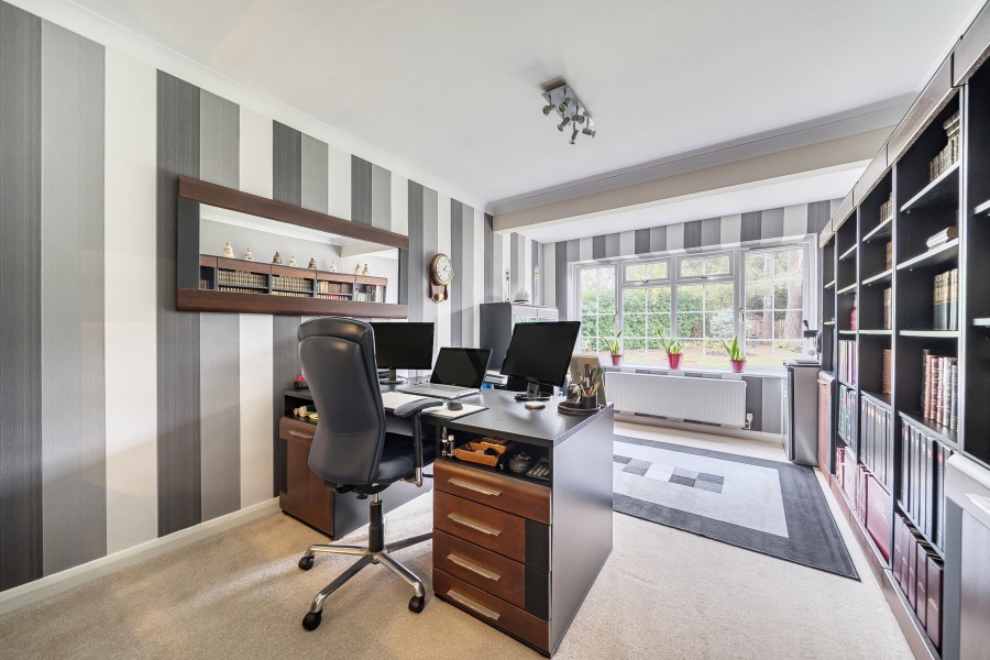Tucked away in one of Camberley’s most exclusive residential enclaves, this detached residence occupies a generous corner plot of 0.28 Acres, and provides accommodation approaching 2,600 SQ FT. The entrance hall opens to a well-proportioned living room, with sliding doors leading to the rear garden. The orangery is flooded with natural light, through a sky lantern, and large windows over looking the rear garden, a serene, sunlit space perfect for morning coffee, quiet reading, or evening relaxation with the garden as your backdrop. The kitchen and breakfast room form the heart of this home, a bright, sociable space ideal for family gatherings or casual dining. Fitted with ample eye and base level storage, and granite worksurfaces. A separate utility room keeps day-to-day life organised, while the adjoining garage provides additional convenience and storage. This home offers incredible flexibility, with two ground-floor bedrooms that can easily serve as a guest suite, home office, or playroom, whichever best suits your lifestyle. Heading upstairs, the principal suite is a luxurious retreat, complete with a dressing room and en-suite. Three further bedrooms and a modern family bathroom provide comfort for the whole family. Cleverly designed eaves storage adds practicality without compromising on aesthetics. To the front, a private driveway provides generous parking and access to a double garage. The rear garden is a peaceful oasis — ideal for al fresco dining, family barbecues, or simply enjoying the quiet of this leafy, sought-after setting. Set in the prestigious Walkers Ridge area, this home offers the best of both worlds: a tranquil residential location within easy reach of Camberley town centre, train station, and highly regarded local schools. With the M3 and A30 close by, commuting and weekend escapes are effortless.
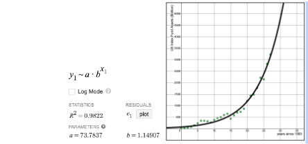 The data points below represent the total assets invested in index funds in the US each year since 1993. Analyze the results of the exponential regression model shown. Which of the following statements is true?
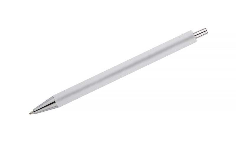Kugelschreiber NOVI hat eine gummierte Oberfläche und silberfarbene Chromelemente. Blaue Mine.
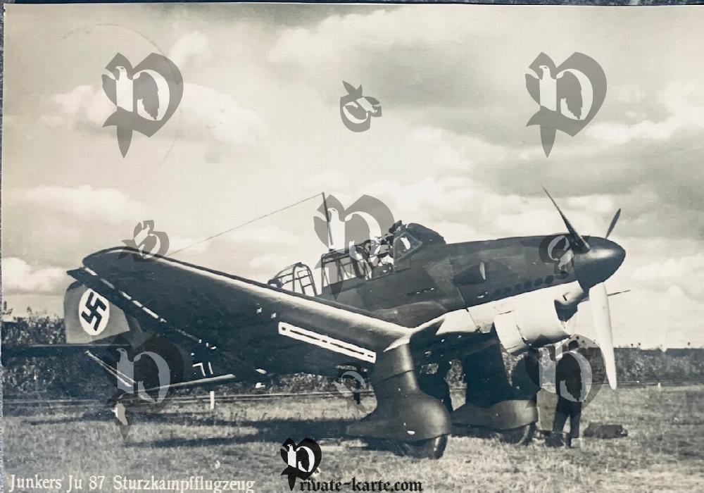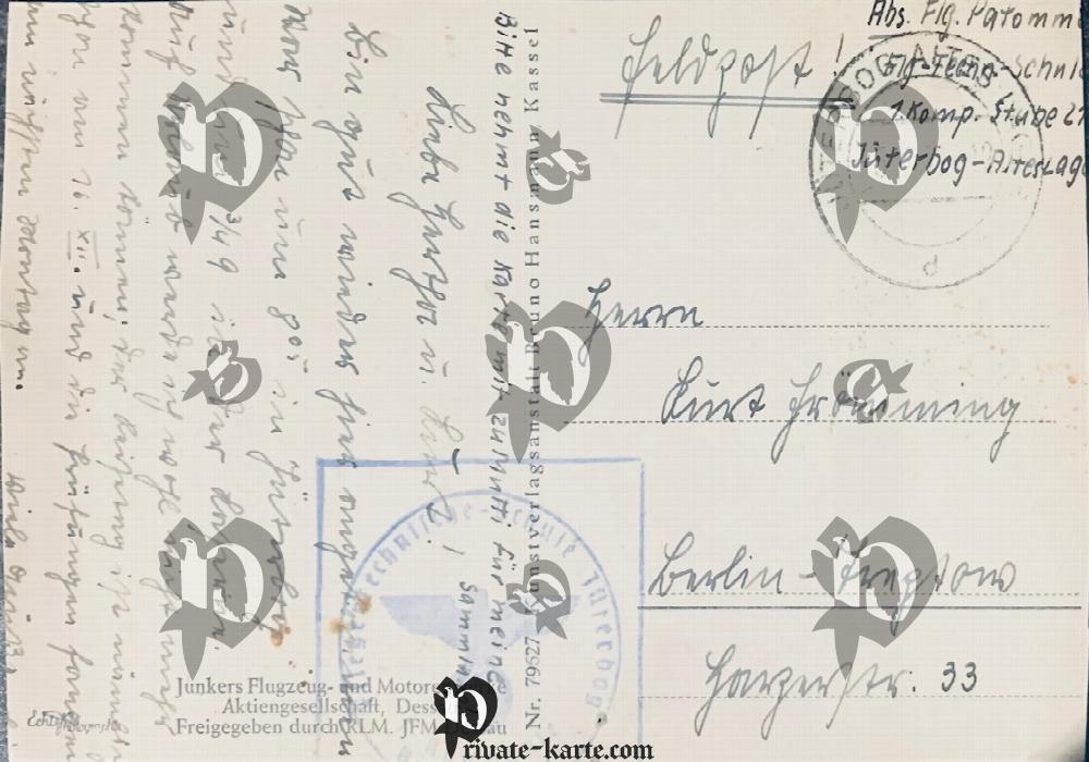 Carte postale d'une photo du célébre avion de chasse Allemand le JUNKERS JU87 tamponné Feldpost poste militaire du célébre aérodrome Juterbog 1942. Les bords blancs ont l'air d'avoir été coupés.
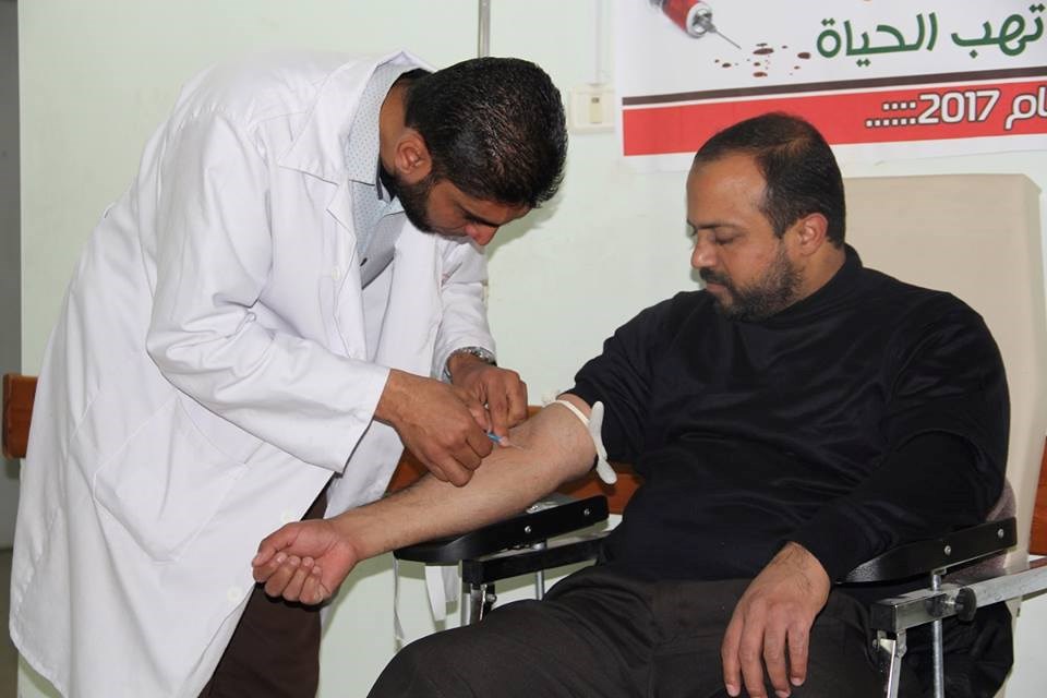 نظم المستشفى الجزائري بالتعاون مع بنك الدم بالمستشفى الاوروبي بمحافظة خانيونس اليوم الاثنين، حملة للتبرع بالدم تحت شعار "التبرع بالدم.. صدقة جارية تهب الحياة".
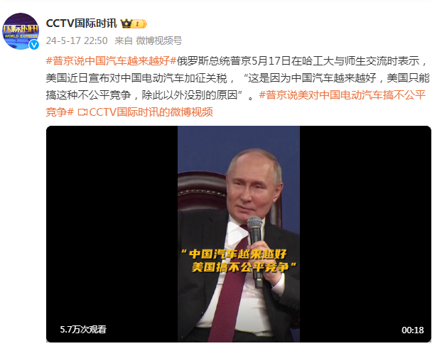 俄罗斯总统普京5月17日在哈工大与师生交流时表示,美国近日宣布对中国电动汽车加征关税,“这是因为中国汽车越来越好,美国只能搞这种不公平竞争,除此以外没别的原因”。
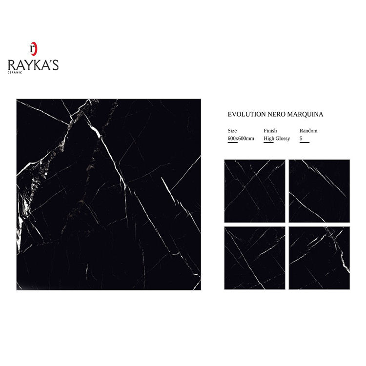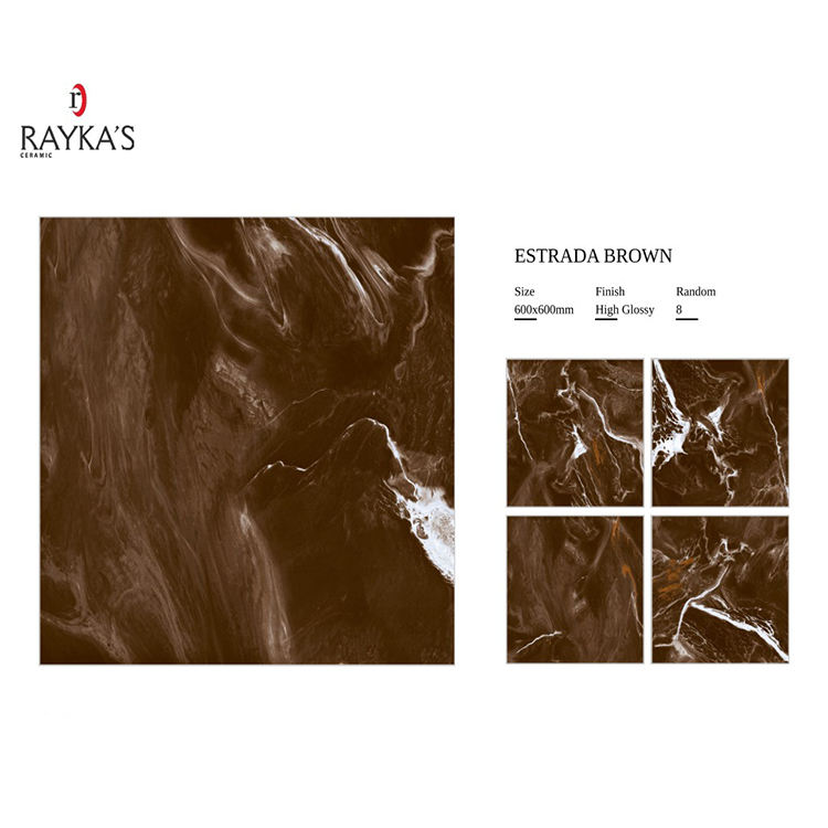 Modern High Glossy 600x600 mm Porcelain Floor Tiles for Bathroom Interior Reasonable Price with 5mm Thickness
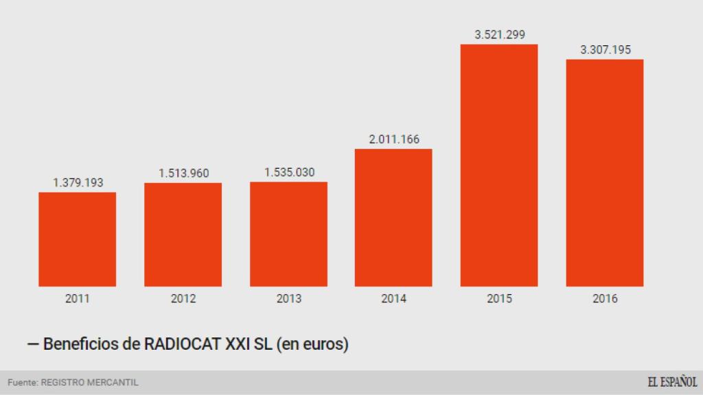 Los documentos remitidos al Registro Mercantil, a los que ha tenido acceso EL ESPAÑOL, reflejan que este crecimiento ha sido exponencial. De esta manera, en 2011, durante el primer año de gobierno de Artur Mas, la emisora ganó 1,37 millones de euros, una cifra que se elevó hasta los 3,3 millones en 2016, ya con Carles Puigdemont como Presidente catalán. En seis años de gobierno independentista Rac1 casi triplicó sus beneficios.
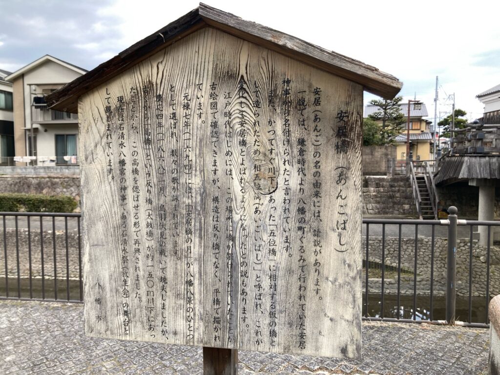 安居橋(あんごばし)は鎌倉時代からある橋で石清水八幡宮の神事である石清水祭でも使われる橋です。
☆ ☆ ☆ ☆ ☆ ☆ ☆
§ **EXERCISE GOAL**: Would you set down, word for word, the lines running from the one that contains "Carte postale d'une" to the last line of the material, omitting all pictures?

§ **WRITTEN RESPONSE**:
 Carte postale d'une photo du célébre avion de chasse Allemand le JUNKERS JU87 tamponné Feldpost poste militaire du célébre aérodrome Juterbog 1942. Les bords blancs ont l'air d'avoir été coupés.
 نظم المستشفى الجزائري بالتعاون مع بنك الدم بالمستشفى الاوروبي بمحافظة خانيونس اليوم الاثنين، حملة للتبرع بالدم تحت شعار "التبرع بالدم.. صدقة جارية تهب الحياة".
 俄罗斯总统普京5月17日在哈工大与师生交流时表示,美国近日宣布对中国电动汽车加征关税,“这是因为中国汽车越来越好,美国只能搞这种不公平竞争,除此以外没别的原因”。
 Modern High Glossy 600x600 mm Porcelain Floor Tiles for Bathroom Interior Reasonable Price with 5mm Thickness
 Los documentos remitidos al Registro Mercantil, a los que ha tenido acceso EL ESPAÑOL, reflejan que este crecimiento ha sido exponencial. De esta manera, en 2011, durante el primer año de gobierno de Artur Mas, la emisora ganó 1,37 millones de euros, una cifra que se elevó hasta los 3,3 millones en 2016, ya con Carles Puigdemont como Presidente catalán. En seis años de gobierno independentista Rac1 casi triplicó sus beneficios.
 安居橋(あんごばし)は鎌倉時代からある橋で石清水八幡宮の神事である石清水祭でも使われる橋です。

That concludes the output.